Records shown:
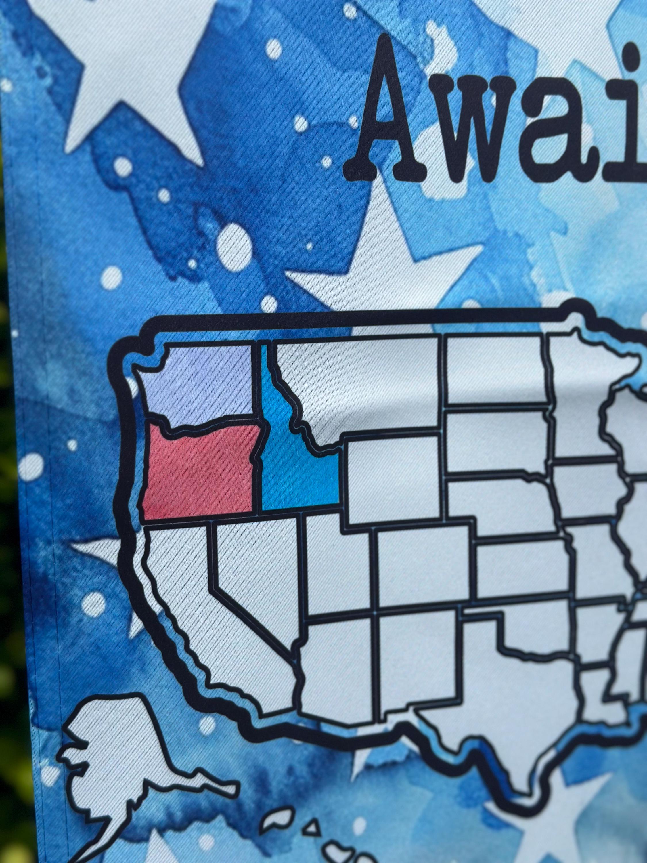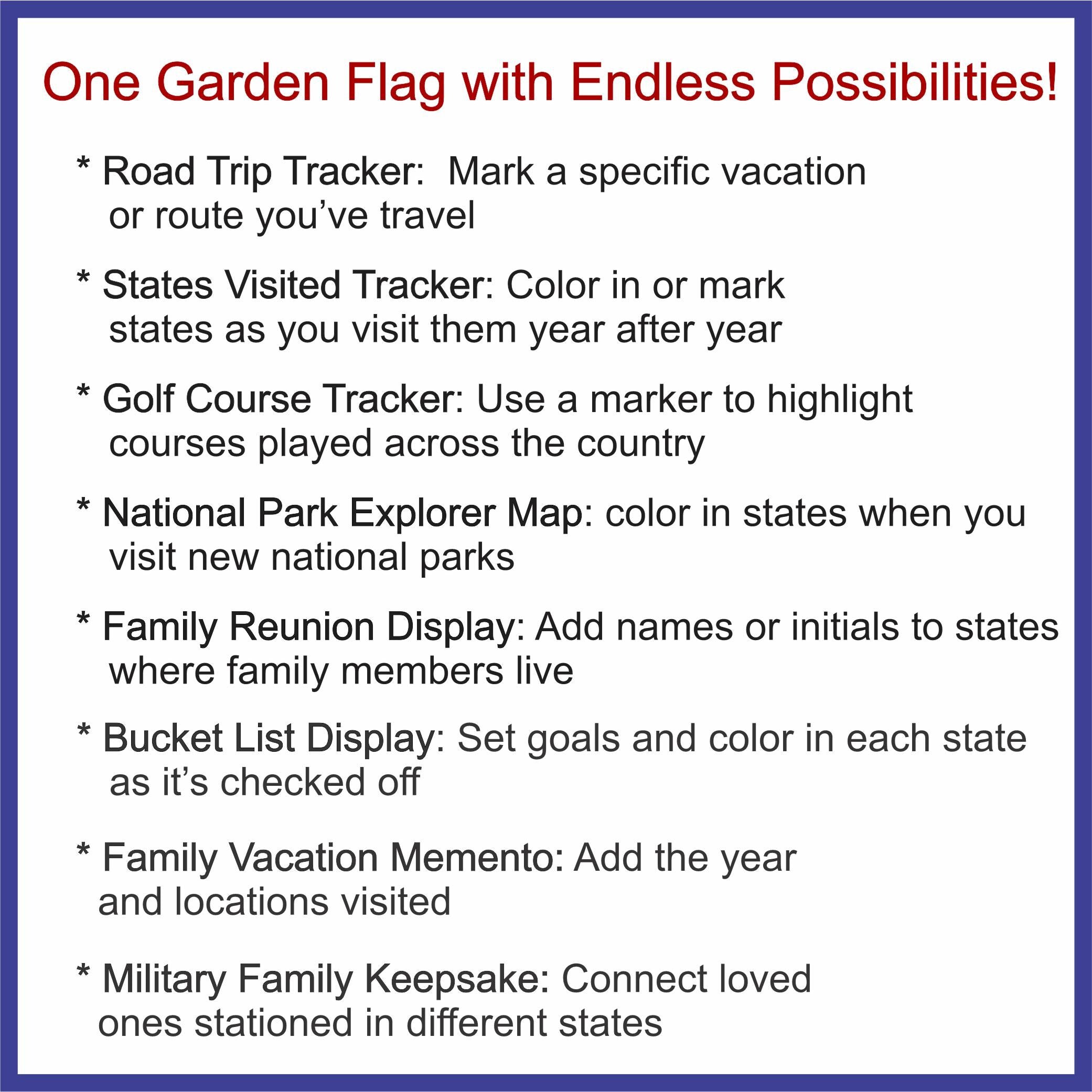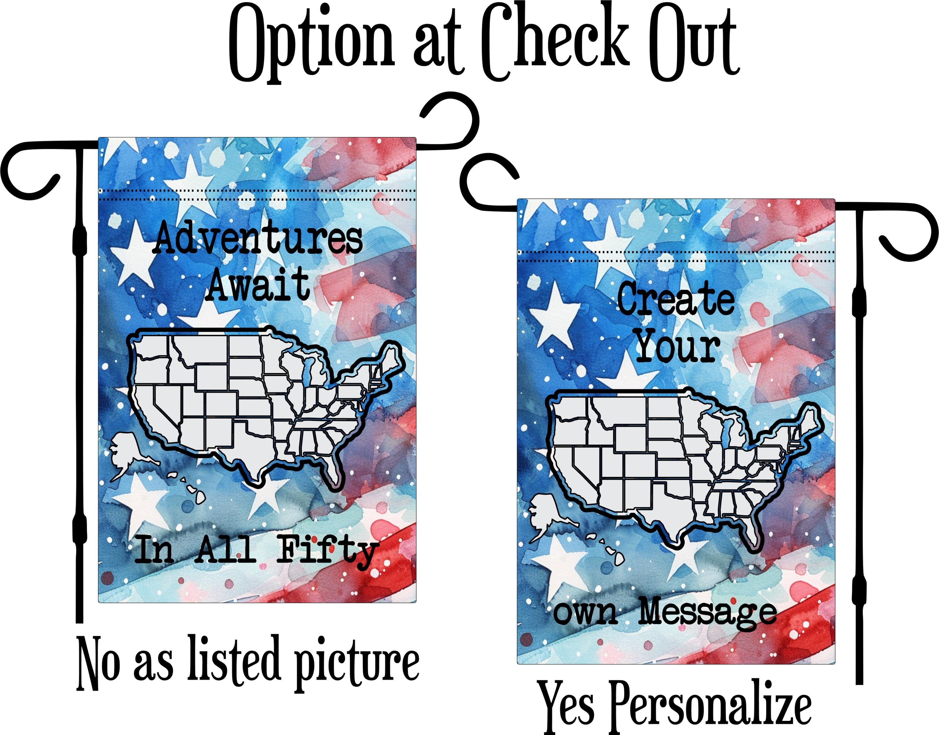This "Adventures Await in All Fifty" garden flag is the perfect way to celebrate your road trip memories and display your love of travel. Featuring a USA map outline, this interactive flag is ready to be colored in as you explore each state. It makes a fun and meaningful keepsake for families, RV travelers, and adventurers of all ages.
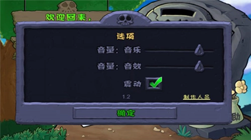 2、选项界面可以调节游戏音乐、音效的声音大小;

==

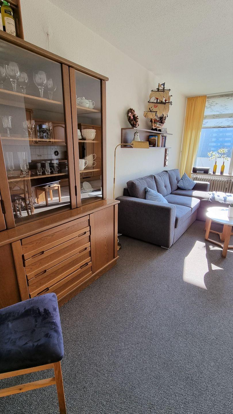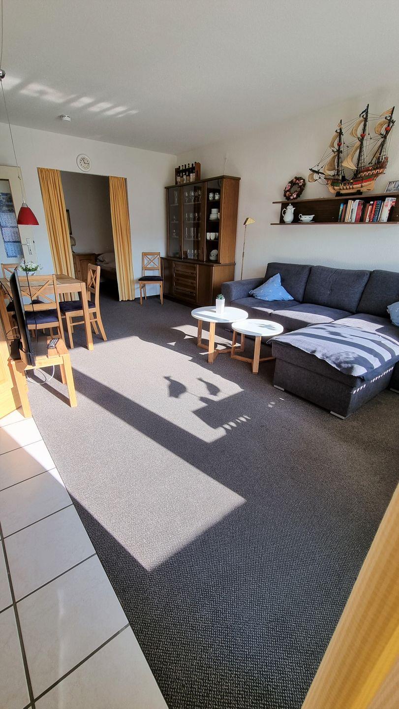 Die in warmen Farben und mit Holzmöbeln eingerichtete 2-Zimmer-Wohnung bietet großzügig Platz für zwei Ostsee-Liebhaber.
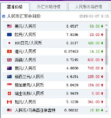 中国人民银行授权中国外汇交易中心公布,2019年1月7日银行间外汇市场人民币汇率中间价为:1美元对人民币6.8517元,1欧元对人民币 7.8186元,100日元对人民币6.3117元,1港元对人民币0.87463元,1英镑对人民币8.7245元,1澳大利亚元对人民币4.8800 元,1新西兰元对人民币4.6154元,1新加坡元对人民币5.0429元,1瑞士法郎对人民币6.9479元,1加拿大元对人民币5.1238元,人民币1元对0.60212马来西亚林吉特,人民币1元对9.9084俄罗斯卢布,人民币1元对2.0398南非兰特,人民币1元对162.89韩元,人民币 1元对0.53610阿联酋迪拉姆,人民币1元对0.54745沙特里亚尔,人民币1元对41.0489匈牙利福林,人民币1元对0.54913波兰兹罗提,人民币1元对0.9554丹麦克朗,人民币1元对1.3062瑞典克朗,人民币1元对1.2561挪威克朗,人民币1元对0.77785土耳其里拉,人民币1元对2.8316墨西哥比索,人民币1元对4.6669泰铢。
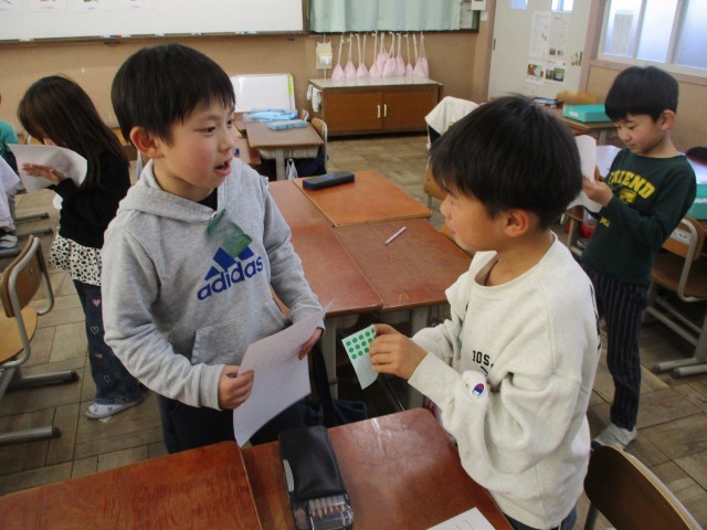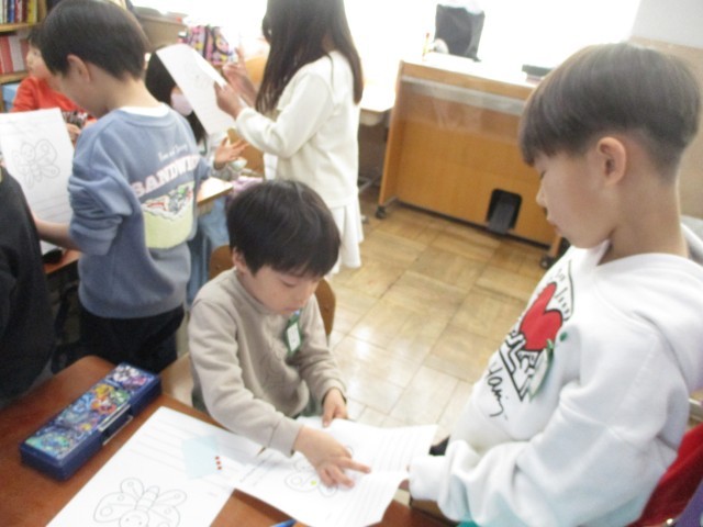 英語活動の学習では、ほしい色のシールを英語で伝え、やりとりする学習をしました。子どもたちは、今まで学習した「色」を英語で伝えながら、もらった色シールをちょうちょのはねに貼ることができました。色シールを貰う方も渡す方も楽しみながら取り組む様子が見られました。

What is required: Copy exactly the part of the material above that opens with the line containing "of all ages." and closes with the line containing "2、选项界面可以调节游戏音乐、音效的声音大小;", ends included. Drop the images.

Written reply:
This "Adventures Await in All Fifty" garden flag is the perfect way to celebrate your road trip memories and display your love of travel. Featuring a USA map outline, this interactive flag is ready to be colored in as you explore each state. It makes a fun and meaningful keepsake for families, RV travelers, and adventurers of all ages.
 2、选项界面可以调节游戏音乐、音效的声音大小;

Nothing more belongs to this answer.